[Start of section]

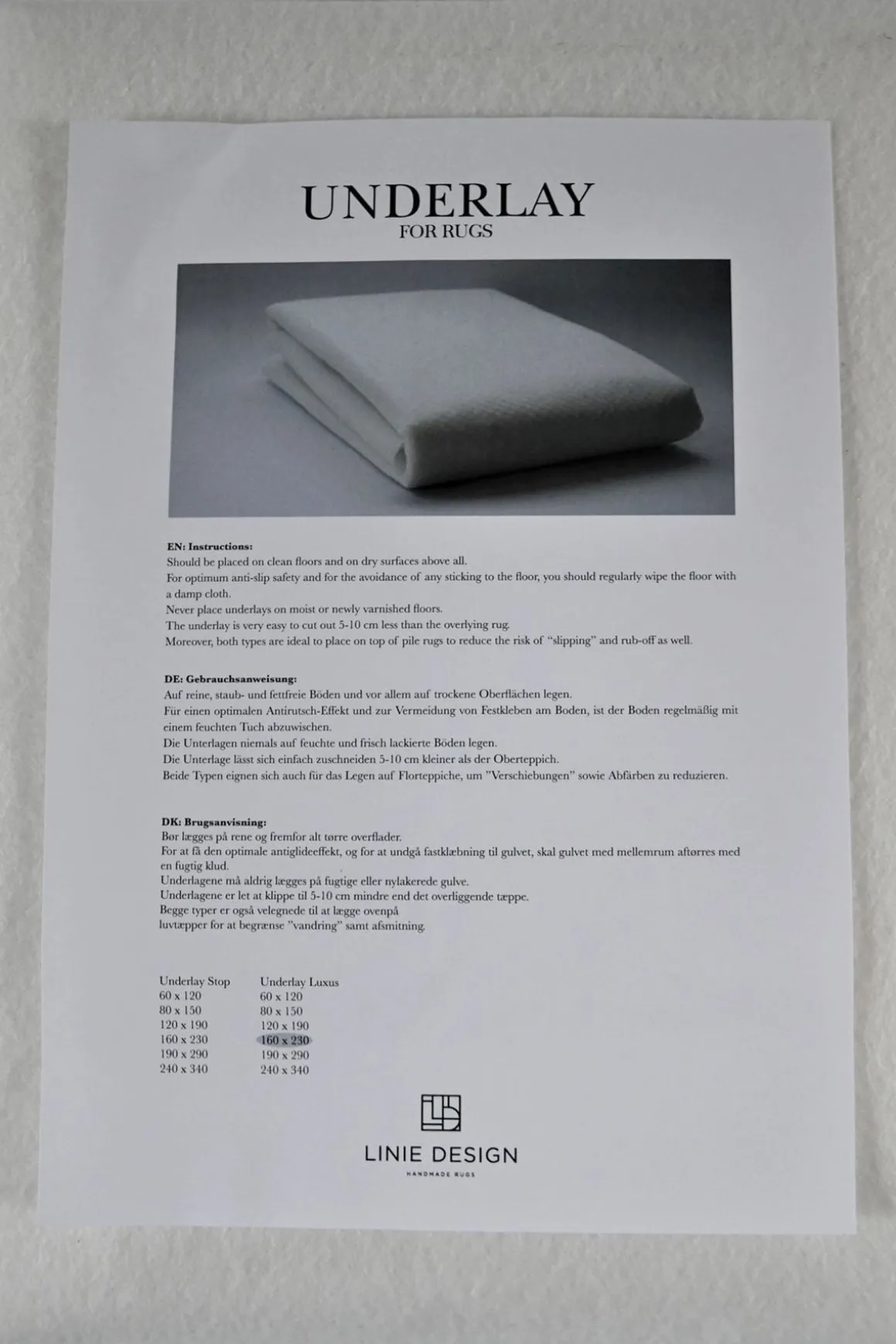 Teppeunderlag fra Linie Design. Passer på at gulvteppet ligger stødig og hindrer misfarging.
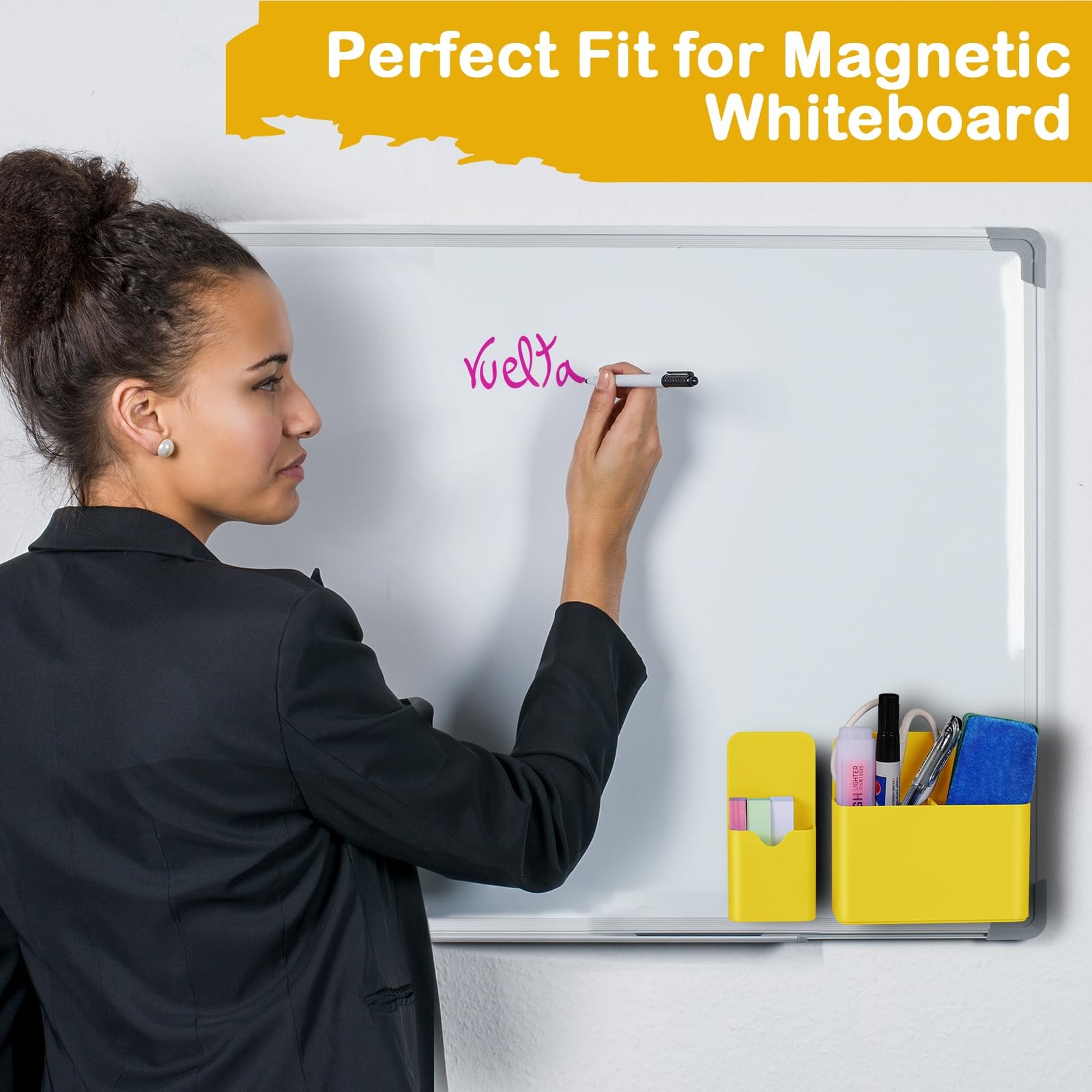 Magnetic Pen Holder,2 Pack Dry Erase Marker Holder with Yellow
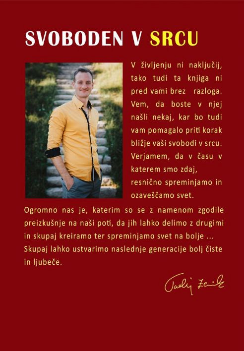 V življenju ni naključij, tako tudi ta knjiga ni pred vami brez razloga. Vem, da boste v njej našli nekaj, kar vam bo pomagalo priti korak bližje vaši svobodi v srcu. Verjamem, da v času, v katerem smo, resnično spreminjamo in ozaveščamo svet.Ogromnemu številu izmed nas so se z namenom zgodile preizkušnje na naši poti, da jih lahko delimo z drugimi in skupaj kreiramo svet in ga spreminjamo na bolje …Skupaj lahko ustvarimo naslednje generacije čistejše in bolj ljubeče. Preberite več
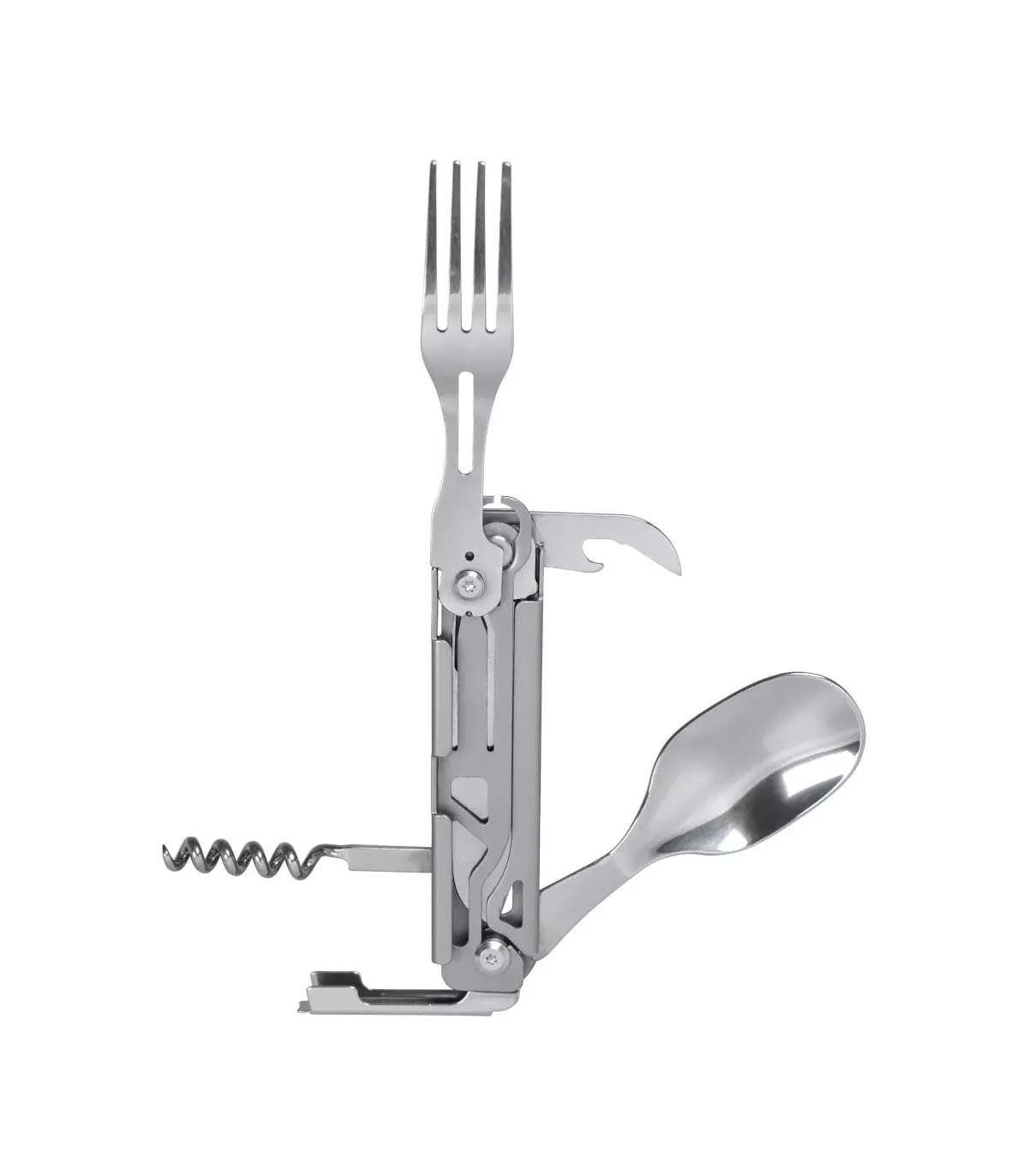 - Inclusief Meerdere Gereedschappen: Naast het lemmet beschikt het over een vork, lepel, kurkentrekker, blikopener en flesopener, alles in een compact ontwerp.

[End of section]

• _TASK DESCRIPTION_
Output the listing above in full, exactly. No images.

• _RESPONSE TO THIS EXERCISE_
 Teppeunderlag fra Linie Design. Passer på at gulvteppet ligger stødig og hindrer misfarging.
 Magnetic Pen Holder,2 Pack Dry Erase Marker Holder with Yellow
 V življenju ni naključij, tako tudi ta knjiga ni pred vami brez razloga. Vem, da boste v njej našli nekaj, kar vam bo pomagalo priti korak bližje vaši svobodi v srcu. Verjamem, da v času, v katerem smo, resnično spreminjamo in ozaveščamo svet.Ogromnemu številu izmed nas so se z namenom zgodile preizkušnje na naši poti, da jih lahko delimo z drugimi in skupaj kreiramo svet in ga spreminjamo na bolje …Skupaj lahko ustvarimo naslednje generacije čistejše in bolj ljubeče. Preberite več
 - Inclusief Meerdere Gereedschappen: Naast het lemmet beschikt het over een vork, lepel, kurkentrekker, blikopener en flesopener, alles in een compact ontwerp.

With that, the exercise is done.